### Activity
Where the line containing "19世纪奥斯曼帝国出品玉石雕花手柄花卉卷叶纹金银镶嵌半宝石装饰匕首【未开刃】" appears, end the copy there, keeping that line; start from the first line of the entries, copy exactly, and omit pictures.

Records from a dataset:
##############################

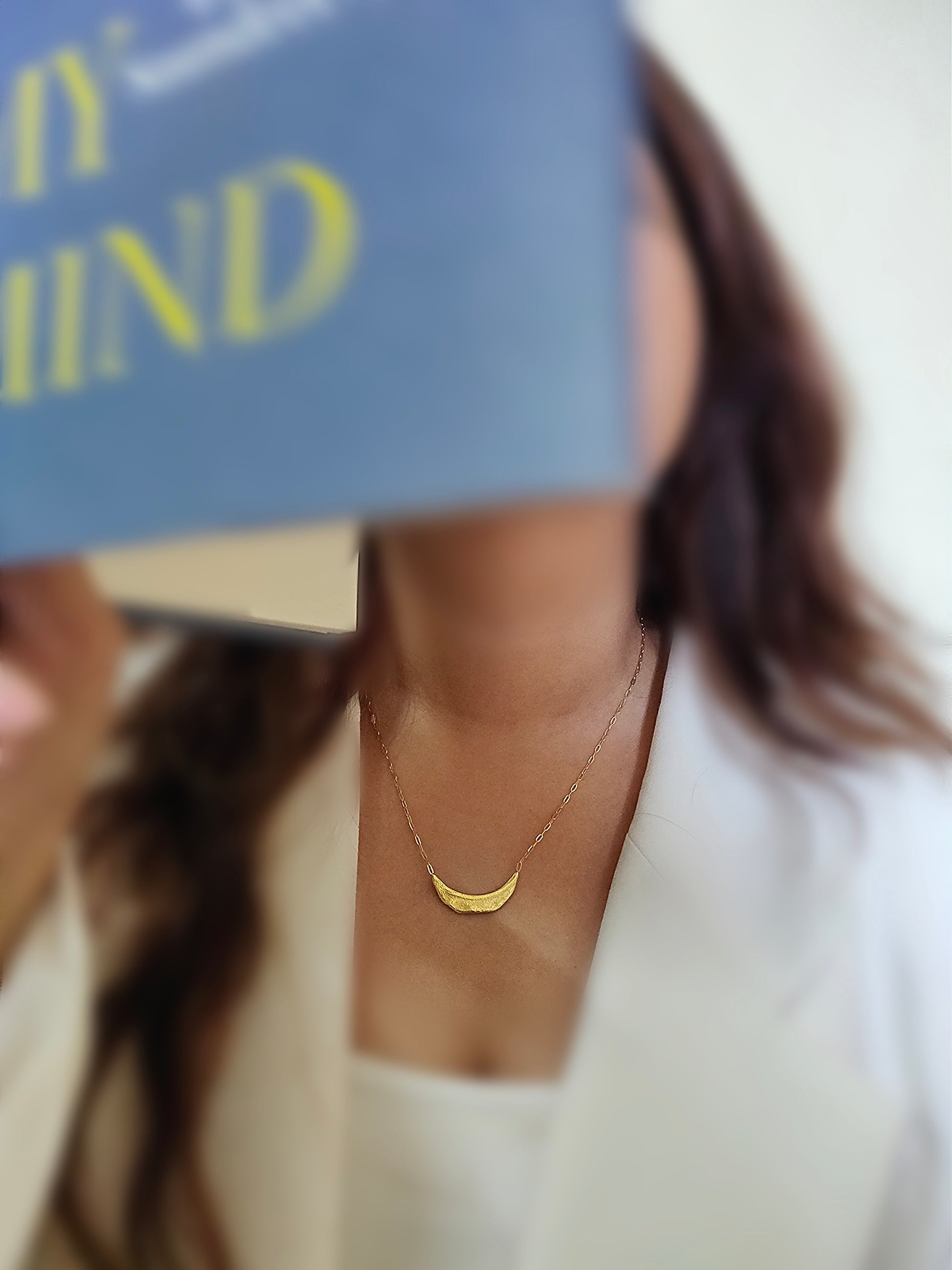 Say hello to The Chic Moonbeam—a modern ode to moonlight. With its smooth crescent charm and effortlessly elegant vibe, this neckpiece brings a hint of lunar magic to your everyday looks. It’s minimal, moody, and made to glow with you.
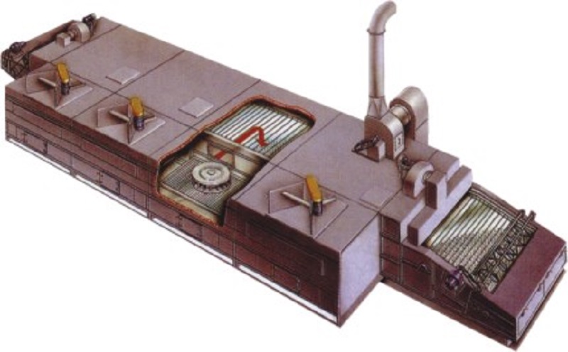 (2) 网带穿流热风的利用不充分,排风温度高,尾气回收成本高,能源浪费严重;
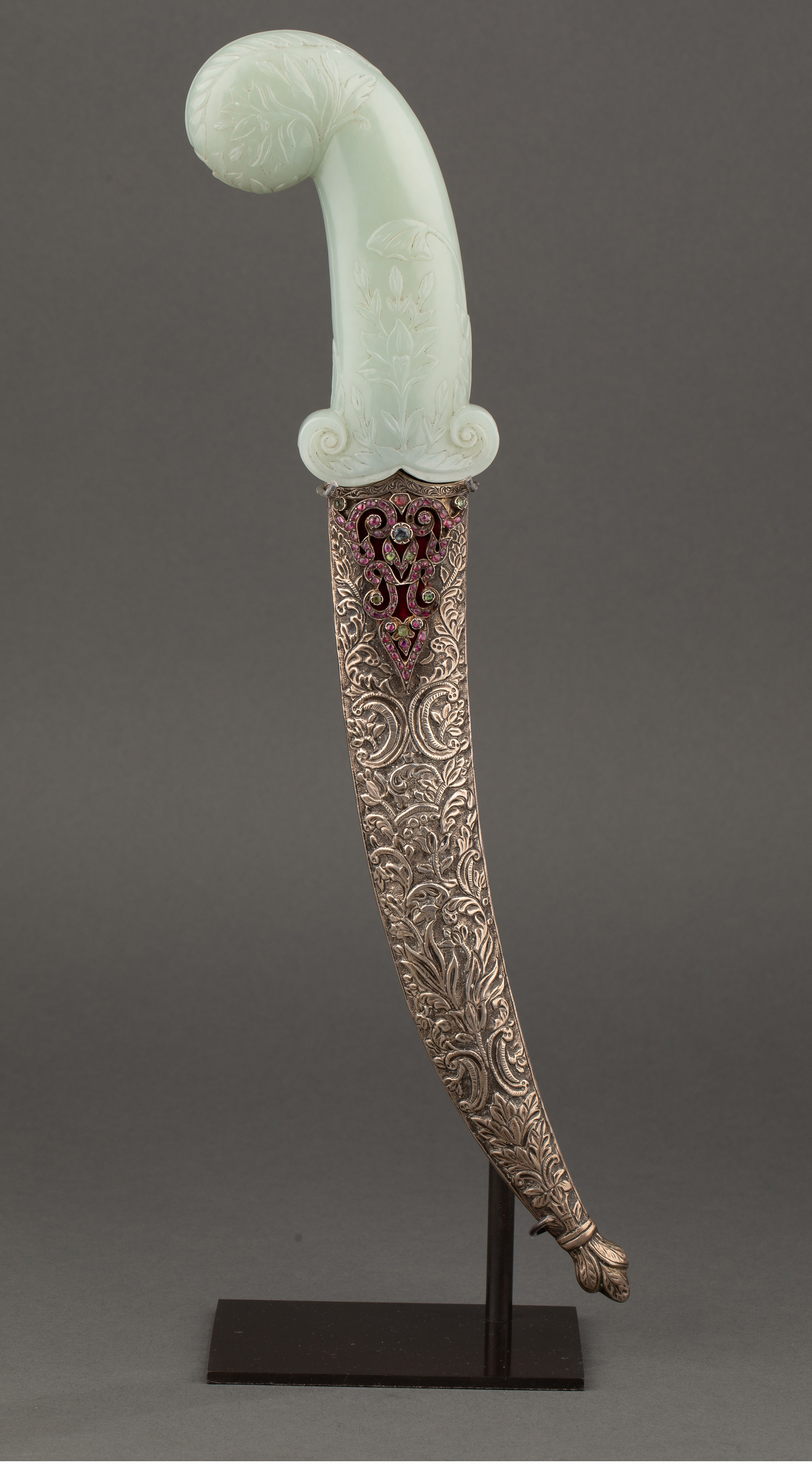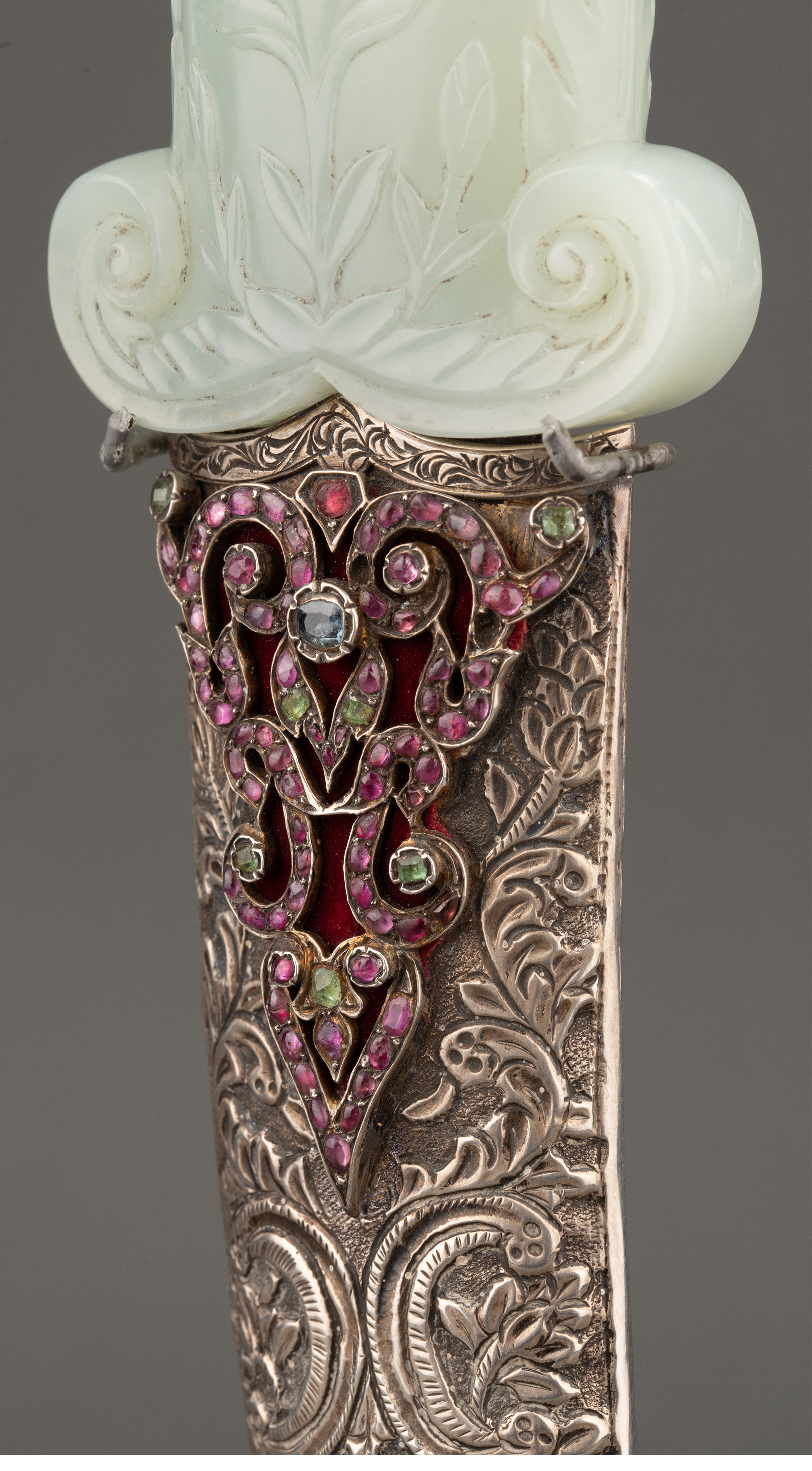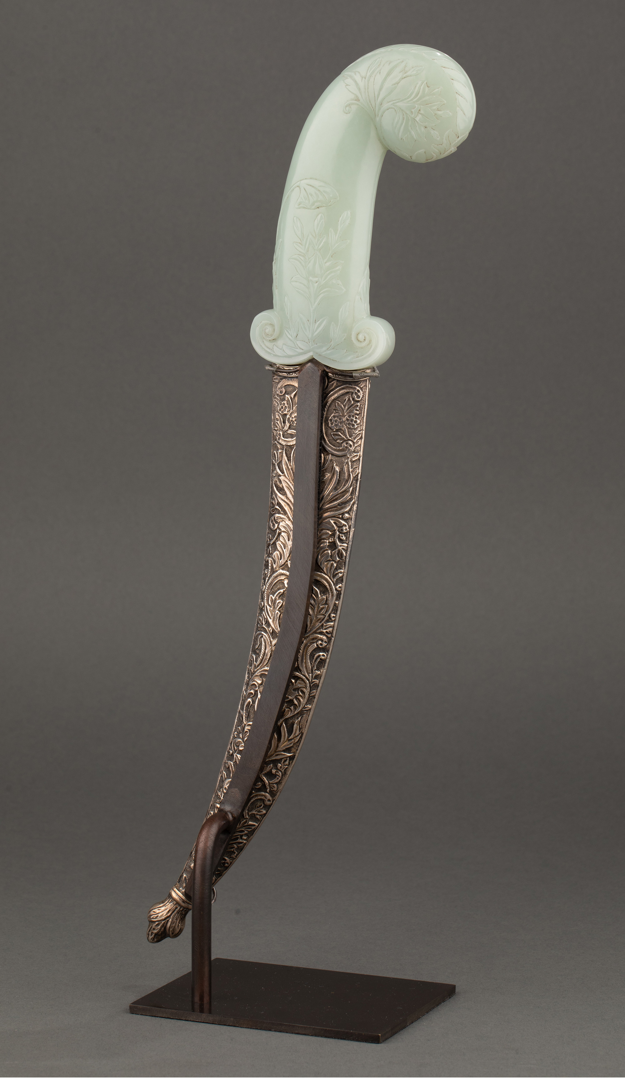 19世纪奥斯曼帝国出品玉石雕花手柄花卉卷叶纹金银镶嵌半宝石装饰匕首【未开刃】
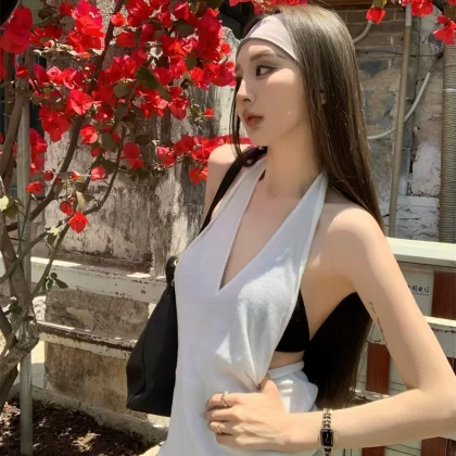 | nameOriginal | Backless slim fit mid-length sleeveless white halter neck strap |
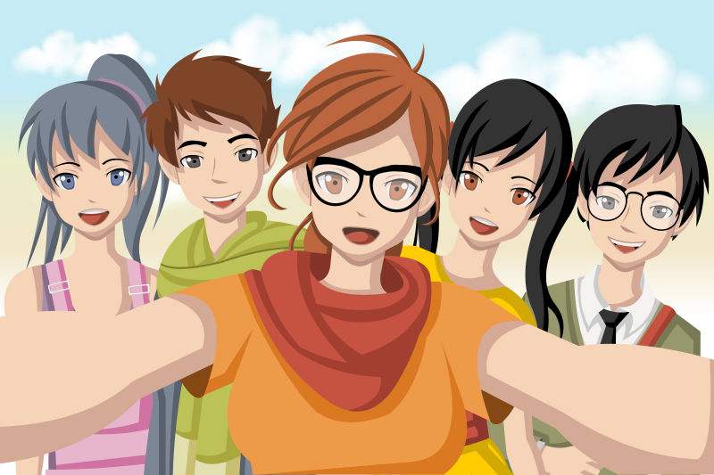 青少年们, 快乐的年轻人.聚会, 卡通矢量插图照片
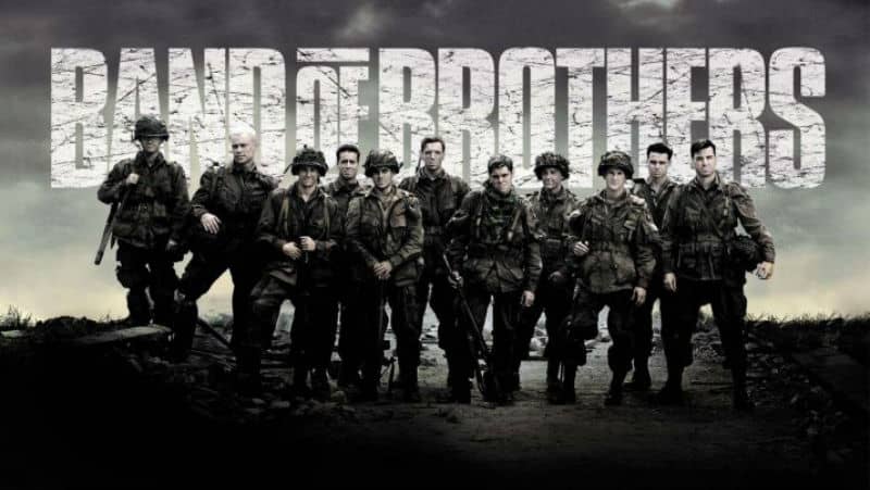 La miniserie histórica de HBO Band of Brothers está basada en el libro documental de Stephen E. Ambrose. Perfectamente producida por Steven Spielberg y Tom Hanks, trajo la fama a un gran número de futuras estrellas, como Damian Lewis, Michael Fassbender, Simon Pegg y Tom Hardy, quienes todos comenzaron en la serie con papeles menores.
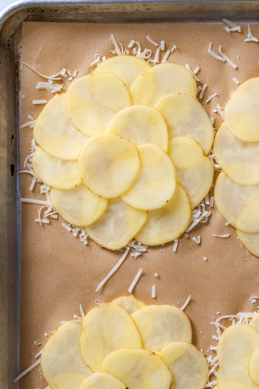 Preheat your oven to 400 degrees and prepare two sheet trays with parchment paper. Use a knife to trim off one end of each potato and then slice to about 1/16th inch thick using a mandolin. Using 1/8th cup of parmesan for each one, make four circles on each tray about five inches in diameter, then arrange the potato slices in a spiral pattern, overlapping the edges to cover. Drizzle or brush some oil over the surface, season lightly with salt and pepper, then cover with another sheet of parchment and bake for twenty minutes.
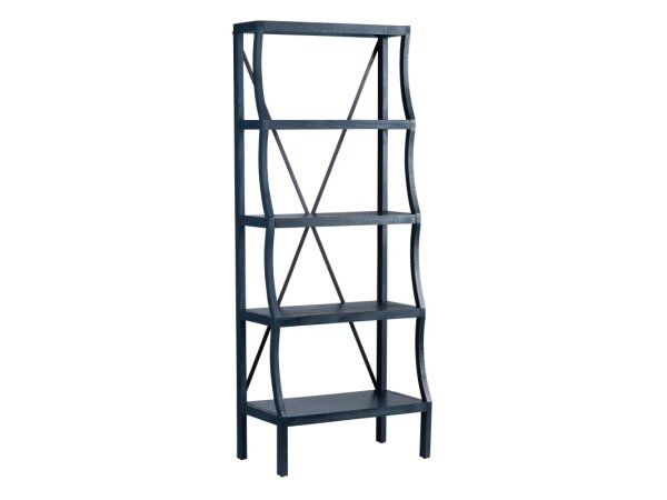 This unique Trellis Lane accent bookcase is crafted from solid mango wood with a weathered black finish and hand-carved end panels. It offers five shelves for storage, anchored by block legs.
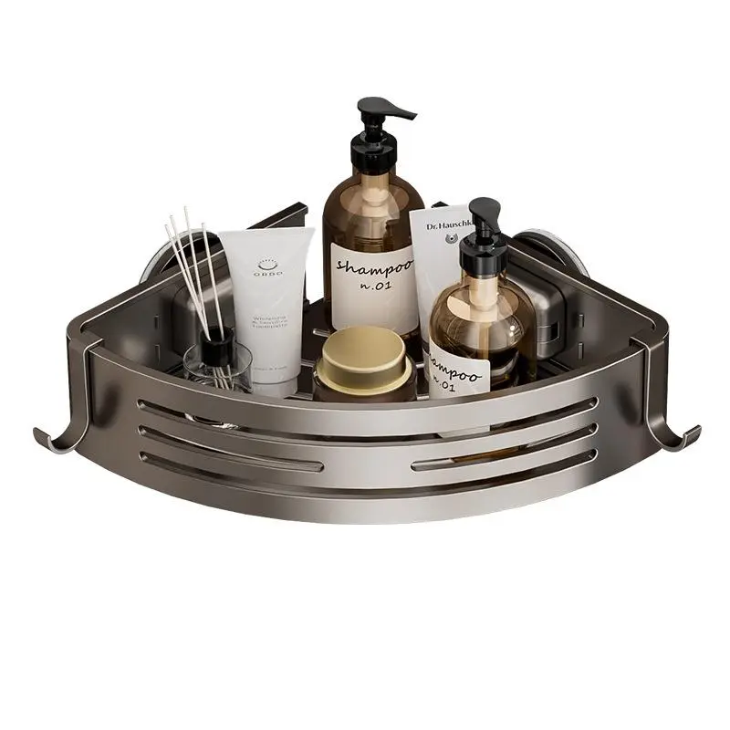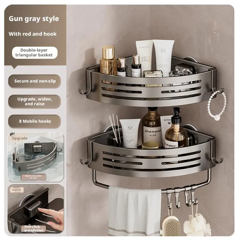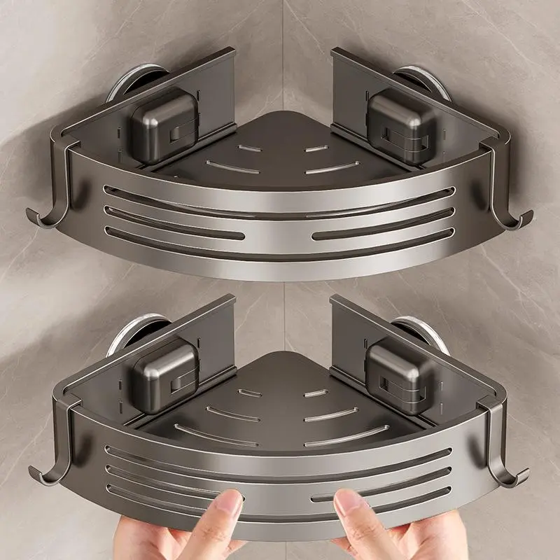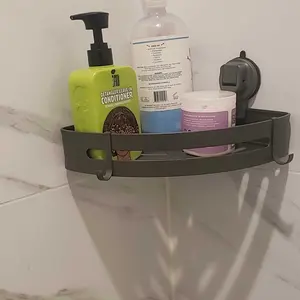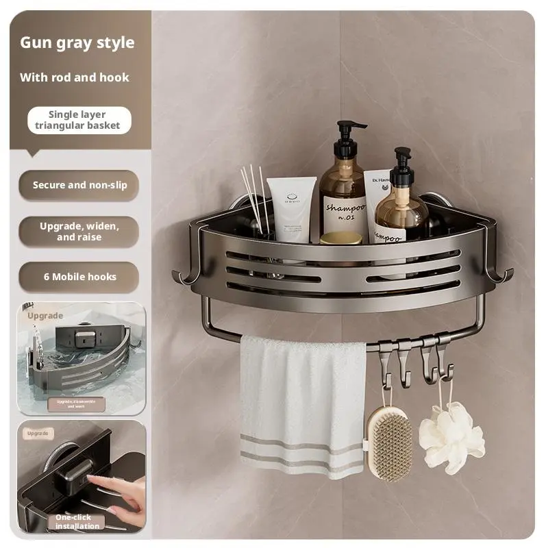 The Gun Gray Aluminum Triangular Suction Cup Shower Caddy is a single-layer corner shelf. It features a no-drilling design, making it easy to install. The caddy has a 40lbs load capacity, perfect for storing towels and toiletries. It includes a hook for additional storage. Ideal for bathroom organization, this caddy offers practical storage solutions.

##############################

### Solution to the problem
 Say hello to The Chic Moonbeam—a modern ode to moonlight. With its smooth crescent charm and effortlessly elegant vibe, this neckpiece brings a hint of lunar magic to your everyday looks. It’s minimal, moody, and made to glow with you.
 (2) 网带穿流热风的利用不充分,排风温度高,尾气回收成本高,能源浪费严重;
 19世纪奥斯曼帝国出品玉石雕花手柄花卉卷叶纹金银镶嵌半宝石装饰匕首【未开刃】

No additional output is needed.